Start of Block

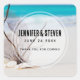 Wedding thank you stickers with a gorgeous photograph. Tropical blue water and foamy surf in the background. A collection of seashells and stems set on a white sandy beach.
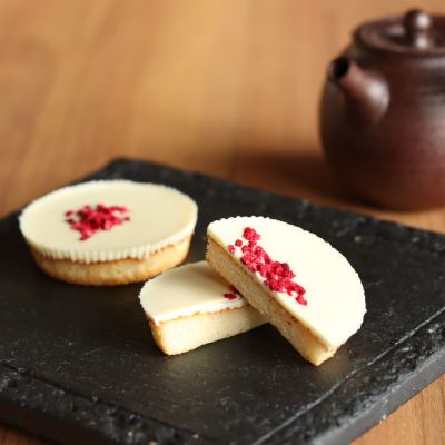 発酵バターや和三盆糖も使用した優しい口あたりのフィナンシェに、ホワイトチョコを重ね、フランボワーズのフリーズドライを飾りました。チョコレートのミルクの香りに爽やかなベリーの酸味をお楽しみください。
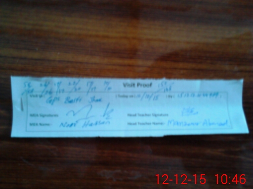 | Attendance Register | Head Teacher | MEA with School | Visit Proof |
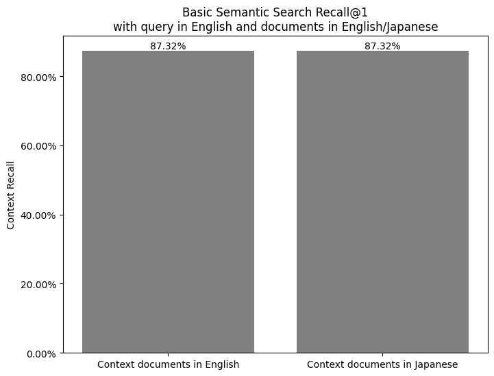 While running an evaluation in Ragas, I have noticed that the basic semantic search returns the correct document 87% of the time, and that it doesn’t matter if the retrieved document is in Japanese or English. Data sources were interchangeable. The incorrectly retrieved documents also showed the same pattern. The RAG was making the same mistakes, no matter the language selected by the user.
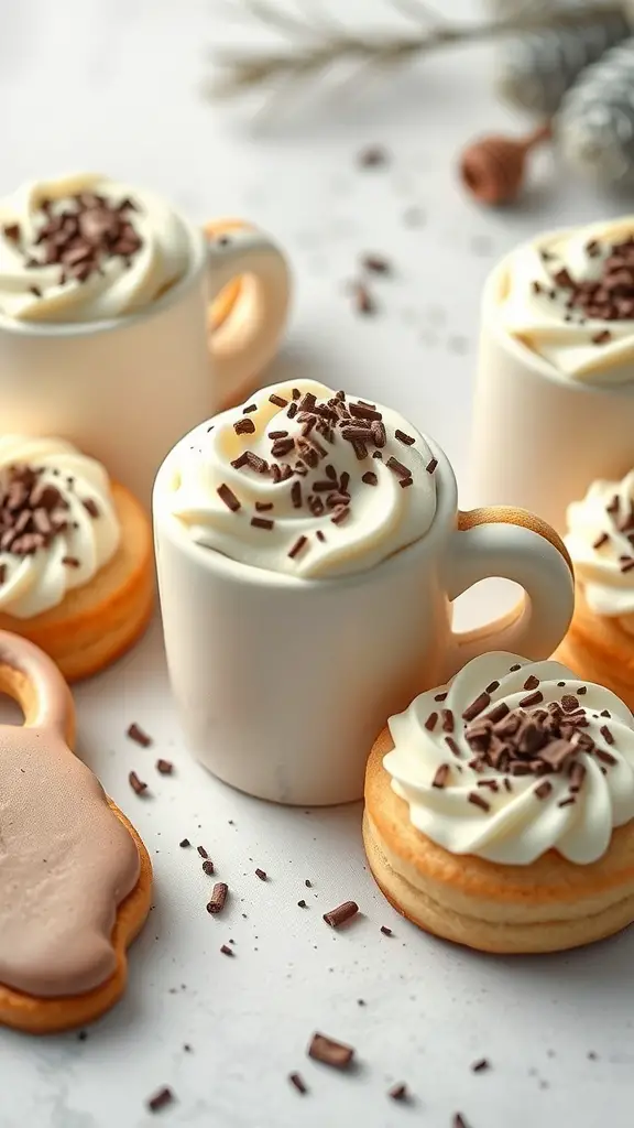 These cozy hot cocoa mug cookies are a delightful treat for the holiday season. Each cookie is shaped like a cute mug filled with whipped cream and topped with chocolate sprinkles. They look so inviting and perfect for a chilly day.

End of Block

## Your assignment
Your task is to copy the entries in full and exactly, without any images.

## Answer
 Wedding thank you stickers with a gorgeous photograph. Tropical blue water and foamy surf in the background. A collection of seashells and stems set on a white sandy beach.
 発酵バターや和三盆糖も使用した優しい口あたりのフィナンシェに、ホワイトチョコを重ね、フランボワーズのフリーズドライを飾りました。チョコレートのミルクの香りに爽やかなベリーの酸味をお楽しみください。
 | Attendance Register | Head Teacher | MEA with School | Visit Proof |
 While running an evaluation in Ragas, I have noticed that the basic semantic search returns the correct document 87% of the time, and that it doesn’t matter if the retrieved document is in Japanese or English. Data sources were interchangeable. The incorrectly retrieved documents also showed the same pattern. The RAG was making the same mistakes, no matter the language selected by the user.
 These cozy hot cocoa mug cookies are a delightful treat for the holiday season. Each cookie is shaped like a cute mug filled with whipped cream and topped with chocolate sprinkles. They look so inviting and perfect for a chilly day.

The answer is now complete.